→ **Task instructions**: Restate word for word the lines between the start of the material and the line with "Ezekiel 26:20 When", keeping both of those ends and none of the pictures.

→ **Material provided**:
::::::::

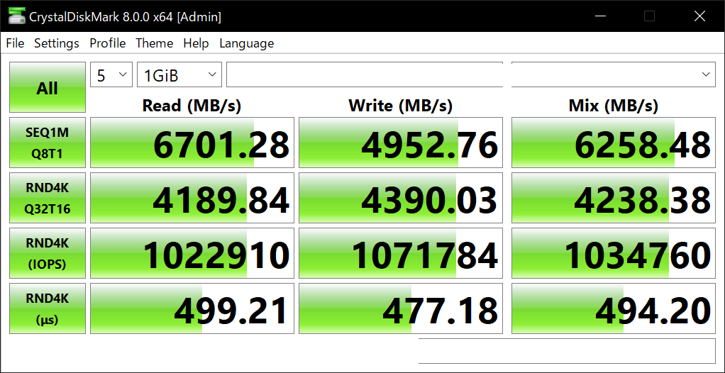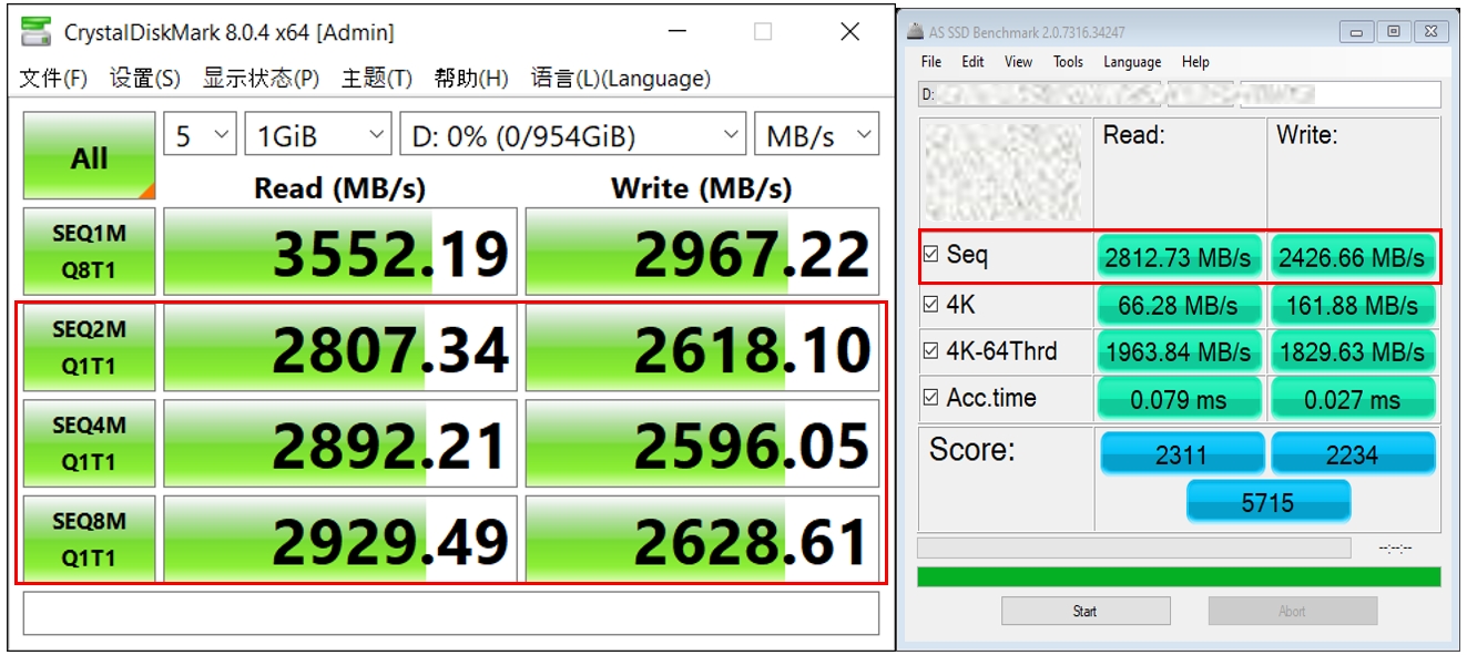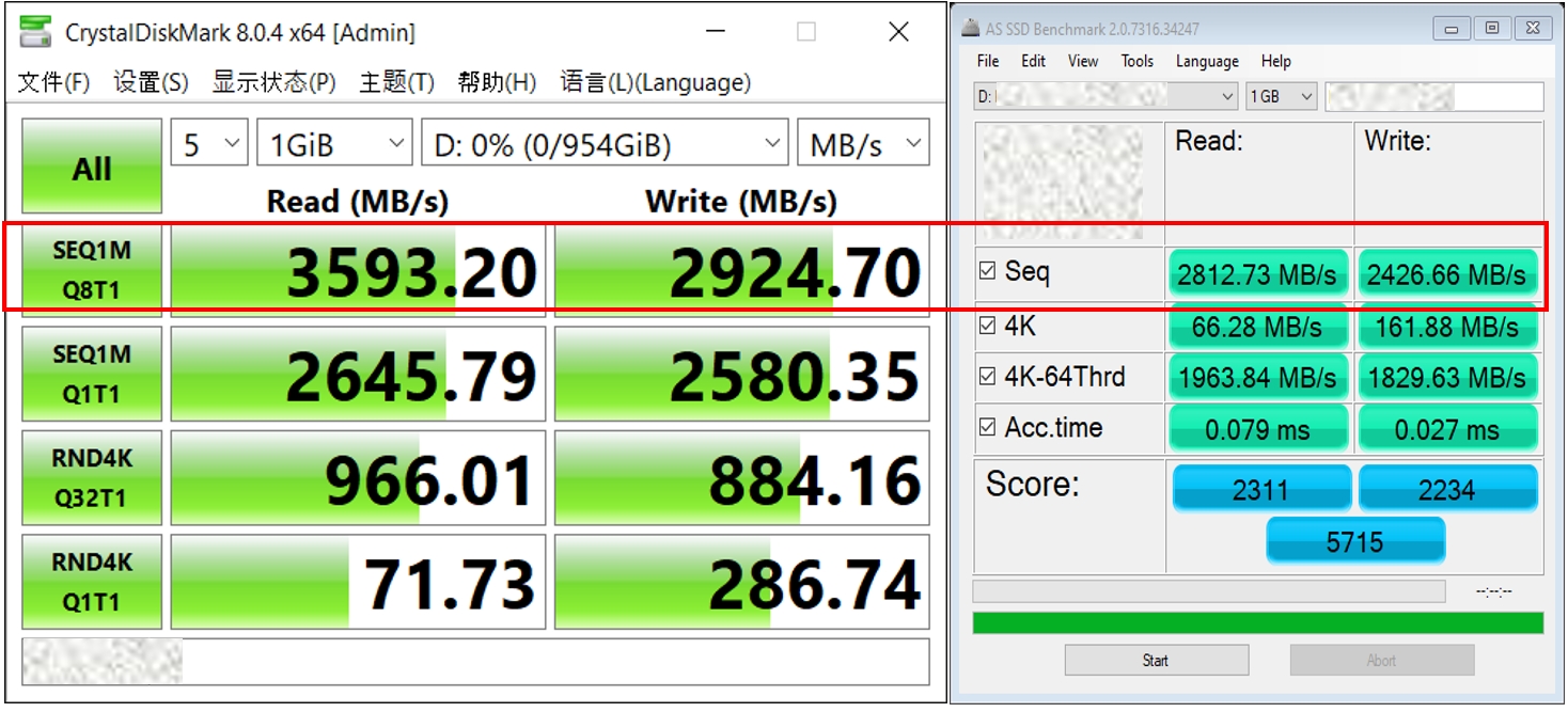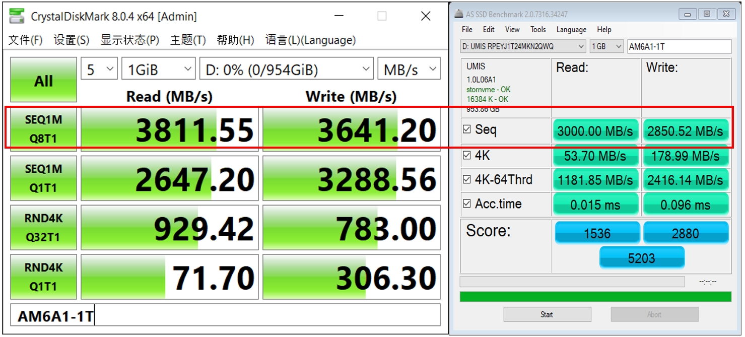 由于每一款測試軟件的側重點不同,測試出的數據也有所差異。以AS SSD和 CDM 為例,并選取憶聯 AM6A1 和另一款原廠友商的 NVMe Gen4 1TB 產品作為測試對象,AS SSD 的順序讀寫性能和 CDM 測出的順序讀寫性能均相差了 1000MB/s 左右。
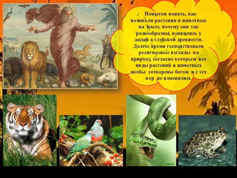 почему они так разнообразны, появились у людей в глубокой древности. Долгое время господствовали религиозные взгляды на природу, согласно которым все виды растений и животных якобы сотворены богом и с тех пор не изменялись
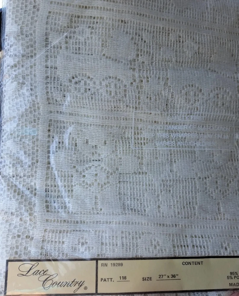Lace Country Rocking Horse #118 White Lace Fabric Panel Vintage NEW in original packaging 27” x 36” 95% Cotton 5% Polyester Made in UK Please view all photos zooming in on them as they are part of the description for you to judge condition Will ship in a polymailer envelope
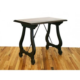 Walnut and Ivory Inlaid Table with Iron Stretchers
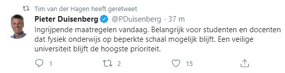 Totdat die plicht wettelijk is vastgelegd, geldt alvast een ‘dringend advies’. Minister Van Engelshoven had dat maandag al aangekondigd, al hield ze formeel nog een slag om de arm. Ze dacht dat universiteiten en hogescholen inmiddels zelf al hun huisregels zouden hebben aangepast. Dat blijkt niet het geval. De voorzitter van universiteitenvereniging VSNU reageerde na de persconferentie meteen met onderstaande tweet, die werd geretweet door de Delftse rector magnificus Tim van der Hagen:
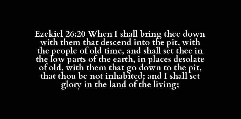 Ezekiel 26:20 When I shall bring thee down with them that descend into the pit, with the people of old time, and shall set thee in the low parts of the earth, in places desolate of old, with them that go down to the pit, that thou be not inhabited; and I shall set glory in the land of the living;
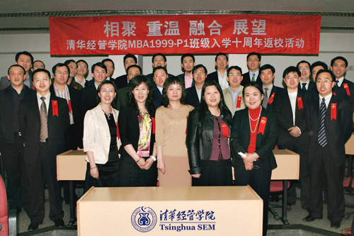 2009年,是学院MBA1999-P1班级入学10周年的日子。3月份,班级同学就开始策划返校活动并群策群力、积极准备。4月25日,这一愿望终于实现。34名同学齐聚当年上课的伟伦楼501教室,举行“相聚 重温 融合 展望”主题班级活动,分享10年感悟,重温同学友谊。
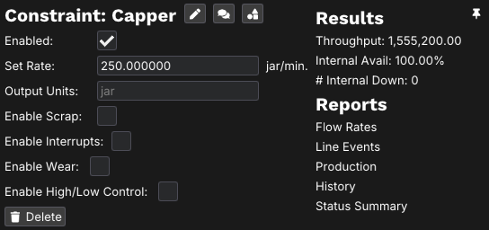 Next let's look at our jar filler. from the video, we know it can fill up to 250 jars per minute. doing a quick search, the most common size for a jar of peanut butter is 16.3 oz. When we left click on converter 0 in the example above, we can fill in the information as shown to reflect our example. Clicking the pencil icon besides the converter name allows us to rename it to "Jar Filler"
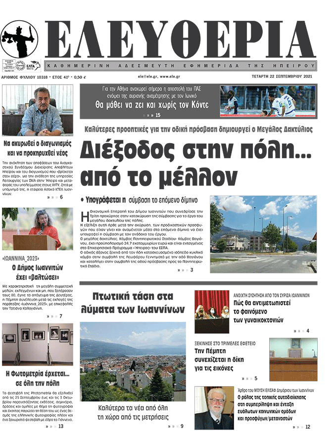 ΑρχικήTOP STORIES TOP STORIESΗΠΕΙΡΟΣ Τα πρωτοσέλιδα των γιαννιώτικων εφημερίδων 22.09.2021 93 FacebookTwitterWhatsAppEmailΤυπώνωViber Διαβάστε στα πρωτοσέλιδα των γιαννιώτικων εφημερίδων της Τετάρτης 22 Σεπτεμβρίου TagsΓΙΑΝΝΙΩΤΙΚΕΣ ΕΦΗΜΕΡΙΔΕΣΠΡΩΤΟΣΕΛΙΔΑ FacebookTwitterWhatsAppEmailΤυπώνωViber Προηγούμενο άρθροΠρωτοβουλία ενημέρωσης για το ΑλτσχάιμερΕπόμενο άρθροΠώς θα αντιμετωπιστεί το φαινόμενο των γυναικοκτονιών ΣΧΕΤΙΚΑ ΑΡΘΡΑ Τα πρωτοσέλιδα των γιαννιώτικων εφημερίδων TOP STORIES 30.10.2025 Τα πρωτοσέλιδα των γιαννιώτικων εφημερίδων ΗΠΕΙΡΟΣ 28.10.2025 Τα πρωτοσέλιδα των γιαννιώτικων εφημερίδων ΗΠΕΙΡΟΣ 25.10.2025 Τα πρωτοσέλιδα των γιαννιώτικων εφημερίδων ΗΠΕΙΡΟΣ 24.10.2025 Τα πρωτοσέλιδα των γιαννιώτικων εφημερίδων ΗΠΕΙΡΟΣ 23.10.2025 Τα πρωτοσέλιδα των γιαννιώτικων εφημερίδων ΗΠΕΙΡΟΣ 22.10.2025 ΣΤΗΝ ΙΔΙΑ ΚΑΤΗΓΟΡΙΑ Με ηλεκτροκίνητο αποφρακτικό όχημα ενισχύει τις υπηρεσίες του ο Δήμος Ζίτσας ΗΠΕΙΡΟΣ 30.10.2025 Στ. Ζούμπας: Η περιφέρεια δεν αντέχει άλλη απομόνωση ΗΠΕΙΡΟΣ 30.10.2025 Απαλλαγή ΕΝΦΙΑ 3 έτη για τους πυρόπληκτους του Ν. Πρεβέζης ΗΠΕΙΡΟΣ 30.10.2025 Αίτημα για ένταξη της Μονάδας Μεσογειακής Αναιμίας στον νέο Οργανισμό του ΠΓΝΙ ΗΠΕΙΡΟΣ 30.10.2025 Έντονες αντιδράσεις σε Ζαγόρι και Ζίτσα για το κλείσιμο ταχυδρομικών γραφείων ΗΠΕΙΡΟΣ 30.10.2025 Ο πολιτισμός πιο κοντά στις ευάλωτες κοινωνικές ομάδες ΗΠΕΙΡΟΣ 30.10.2025 ΜΗ ΧΑΣΕΤΕ Ο πολιτισμός στο επίκεντρο της αναπτυξιακής στρατηγικής του Δήμου Ιωαννιτών Ετοιμάζει αλλαγές αντιδημάρχων ο Θ. Μπέγκας Πληρότητες-ρεκόρ στα Ιωάννινα το τετραήμερο της 28ης Οκτωβρίου – Προκλήσεις στην εστίαση και τις υποδομές Τα πρωτοσέλιδα των γιαννιώτικων εφημερίδων Οδηγείται σε «ναυάγιο» το έργο των led; ΔΗΜΟΦΙΛΗ Πέντε νέοι ύποπτοι συνελήφθησαν για τη ληστεία στο Λούβρο – Άφαντα τα κλοπιμαία Επιστροφή ενοικίου – επίδομα 250 ευρώ: Νωρίτερα η καταβολή τους Στ. Ζούμπας: Η περιφέρεια δεν αντέχει άλλη απομόνωση Τι πρέπει να ξέρουμε για τη ρίψη εμβολίων για τη Λύσσα Επιστήμονες, τεχνοκράτες και πολιτικοί στο επιστημονικό συμβούλιο του Ινστιτούτου Τσίπρα
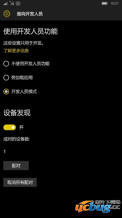 3. 打开wp10手机, 设置--更新和安全--面向开发人员 : 勾选开发人员模式 ,打开设备发现
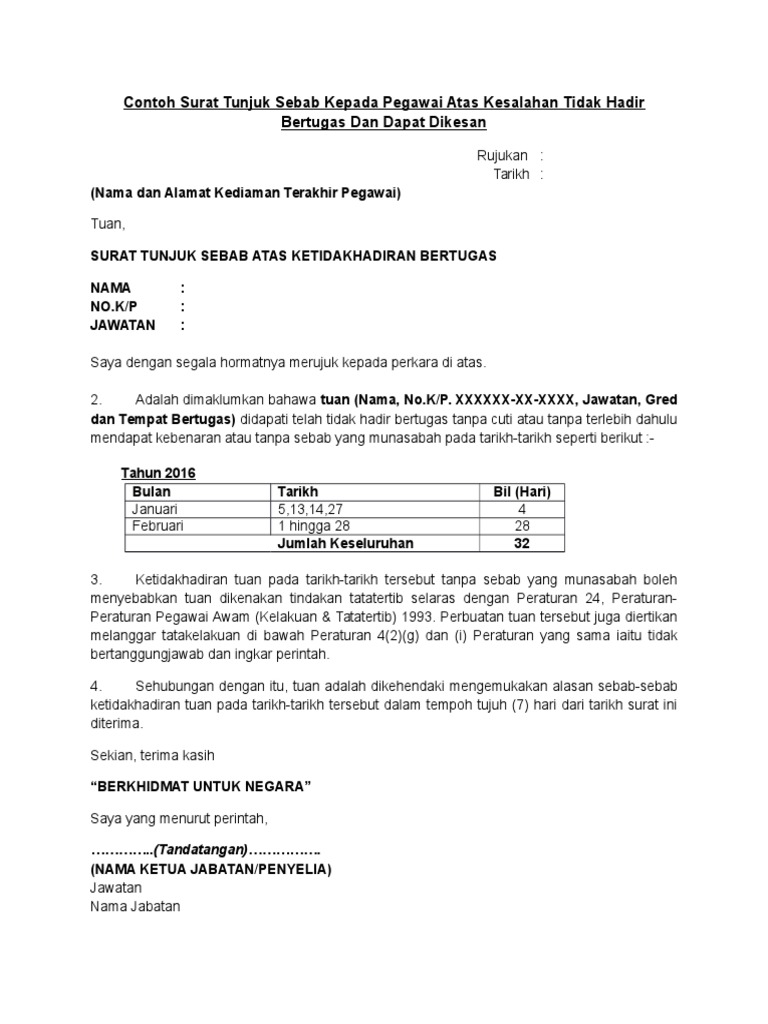 Contoh Surat Tunjuk Sebab Tidak Hadir Bertugas Kerajaan Letter 7saudara Com

::::::::

→ **Solved problem**:
 由于每一款測試軟件的側重點不同,測試出的數據也有所差異。以AS SSD和 CDM 為例,并選取憶聯 AM6A1 和另一款原廠友商的 NVMe Gen4 1TB 產品作為測試對象,AS SSD 的順序讀寫性能和 CDM 測出的順序讀寫性能均相差了 1000MB/s 左右。
 почему они так разнообразны, появились у людей в глубокой древности. Долгое время господствовали религиозные взгляды на природу, согласно которым все виды растений и животных якобы сотворены богом и с тех пор не изменялись
Lace Country Rocking Horse #118 White Lace Fabric Panel Vintage NEW in original packaging 27” x 36” 95% Cotton 5% Polyester Made in UK Please view all photos zooming in on them as they are part of the description for you to judge condition Will ship in a polymailer envelope
 Walnut and Ivory Inlaid Table with Iron Stretchers
 Totdat die plicht wettelijk is vastgelegd, geldt alvast een ‘dringend advies’. Minister Van Engelshoven had dat maandag al aangekondigd, al hield ze formeel nog een slag om de arm. Ze dacht dat universiteiten en hogescholen inmiddels zelf al hun huisregels zouden hebben aangepast. Dat blijkt niet het geval. De voorzitter van universiteitenvereniging VSNU reageerde na de persconferentie meteen met onderstaande tweet, die werd geretweet door de Delftse rector magnificus Tim van der Hagen:
 Ezekiel 26:20 When I shall bring thee down with them that descend into the pit, with the people of old time, and shall set thee in the low parts of the earth, in places desolate of old, with them that go down to the pit, that thou be not inhabited; and I shall set glory in the land of the living;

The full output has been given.